Low Body Weight and Undereating
Your body needs a certain amount of stored energy to maintain a full menstrual cycle. Fat cells produce leptin, a hormone that acts as a bridge between your energy reserves and your reproductive system. Leptin signals your brain that conditions are favorable for reproduction. When body fat drops too low, or when you’re consistently not eating enough (even temporarily, through intense dieting or fasting), leptin levels fall. Your brain responds by dialing back the hormonal signals that drive ovulation and lining growth.
The result ranges from shorter, lighter periods to skipped periods to losing your period entirely. Women with persistent missed ovulation from weight loss consistently show lower leptin levels than women who menstruate normally. This isn’t limited to eating disorders. Intense exercise combined with a calorie deficit, rapid weight loss, or even a sustained period of undereating can trigger the same response.
Thyroid Problems
Your thyroid gland sets the pace for nearly every process in your body, including your menstrual cycle. Both an overactive thyroid (hyperthyroidism) and an underactive one (hypothyroidism) can cause lighter or shorter periods. An overactive thyroid is more commonly linked to very light flow, and in some cases, periods can stop altogether. These symptoms sometimes mimic early menopause, with hot flashes, mood swings, and insomnia showing up alongside the menstrual changes.

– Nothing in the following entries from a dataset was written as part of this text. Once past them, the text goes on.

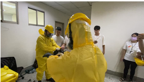
說明：人員穿戴個人防護具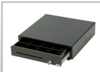
Tiroir caisse connecté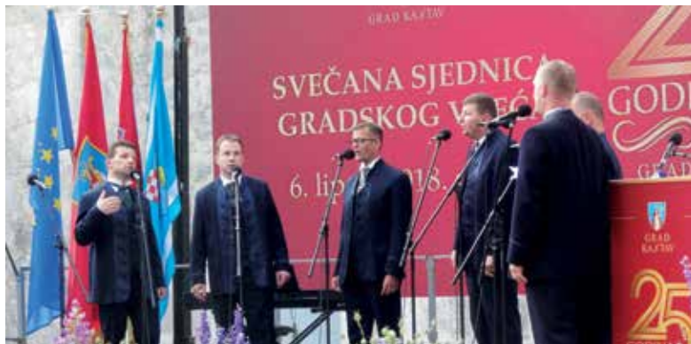
Nastup muške klape Kastav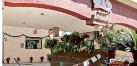
El Motel Baiona sigue clausurado por la Fiscalía, tras haberse al menos a 8 adultos con mujeres menores de edad.

Vinculan a proceso por abuso sexual infantil y corrupción de menores MURAL / STAFF A un año de prisión preventiva fueron enviados dos adultos quienes fueron detenidos en el Motel Baiona, de Guadalajara, por estar con tres adolescentes de entre 13 y 14 años. A Kevin Josué, de 19 años, se le vinculó a proceso por el delito de abuso sexual infantil, mientras que a Ernesto, de 29, por corrupción de menores. En la audiencia el juez determinó que el Ministerio Público que lleva el caso tiene 4 meses más para investigar y hallar pruebas en contra de los vinculados. Los hombres fueron detenidos el 30 de noviembre luego de que una de las niñas logró salir del motel e hizo la denuncia ante la Policía de Guadalajara. Kevin es vecino de la Colonia Lomas de Oblatos y Ernesto, de San Andrés; ambos dijeron trabajar en laminado y pintura. Con ellos se detuvo a un adolescente de 17 años, pero no se informó cómo va su proceso legal. Las víctimas dijeron que fueron llevadas con engaños al motel ubicado en la Avenida Circunvalación, entre Ventura Anaya y Francisco Sarabia. Un día después del arresto que hizo la Policía de Guadalajara, la Fiscalía montó un operativo en el motel y detuvo a otros cinco hombres que estaban con menores de edad. José Emanuel, Ronaldo Fabián, Yair, Juan Carlos y Ricardo Jesús están en espera de su audiencia. La Fiscalía no ha informado si los ocho hombres tienen relación entre sí y si hay más personas involucradas en este delito.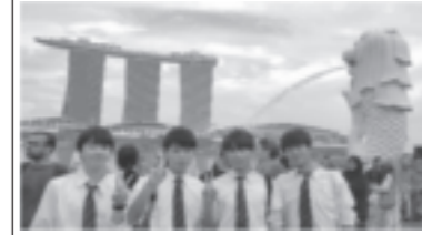
修学旅行(シンガポール)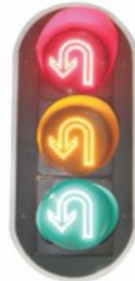
U-turn Traffic Lights

ไฟให้สัญญาณชนิดต่างๆ ที่ใช้ร่วมกับ Smart Traffic Light

If your periods have gotten shorter and you’re also experiencing unexplained weight changes, fatigue, hair thinning, or feeling unusually hot or cold, a simple blood test can check your thyroid function.
Uterine Scarring
A less common but important cause is Asherman syndrome, a condition where scar tissue forms inside the uterus. This scarring physically reduces the surface area that can build and shed a lining each month, making periods shorter and lighter. In severe cases, periods can stop entirely.
Asherman syndrome most often develops after a uterine procedure like a D&C (dilation and curettage), a cesarean section, or surgery to remove fibroids. It can also result from infections or other surgeries involving the uterine cavity. If your periods changed noticeably after a procedure, this is worth discussing with your doctor, particularly if you’re trying to conceive, since the scarring can also affect fertility.
PCOS and Irregular Cycles
Polycystic ovary syndrome is best known for causing long gaps between periods or skipped cycles, but it can also produce the opposite pattern. Some people with PCOS experience very frequent periods, sometimes two or three in a single month, which can feel like shorter, more fragmented bleeding. The hallmark of PCOS-related irregularity is a lifelong pattern, not a recent change. If your periods have always been unpredictable and you also deal with acne, excess hair growth, or difficulty losing weight, PCOS may be part of the picture.
Smoking
Smoking is linked to shorter menstrual cycles, with multiple studies finding that active smokers are more likely to have cycles under 25 days. The effect appears to be dose-dependent, meaning the more you smoke (measured in pack-years), the stronger the association. Notably, people who experience short cycles in their late teens and early twenties are at higher risk for early menopause, suggesting that smoking may accelerate the natural decline in egg supply.
When a Shorter Period Needs Attention
A gradual shift toward slightly shorter periods as you move through your 30s and 40s is normal. But certain patterns deserve a closer look. A sudden change, where your period drops from five or six days to one or two over just a cycle or two, is more likely to signal a hormonal disruption, thyroid issue, or structural problem than a natural transition. Shorter periods accompanied by pelvic pain, periods that become irregular after a uterine procedure, or changes that coincide with difficulty getting pregnant are all reasons to get evaluated. A basic workup typically includes blood tests for thyroid function and reproductive hormones, and sometimes an ultrasound to look at the uterine lining.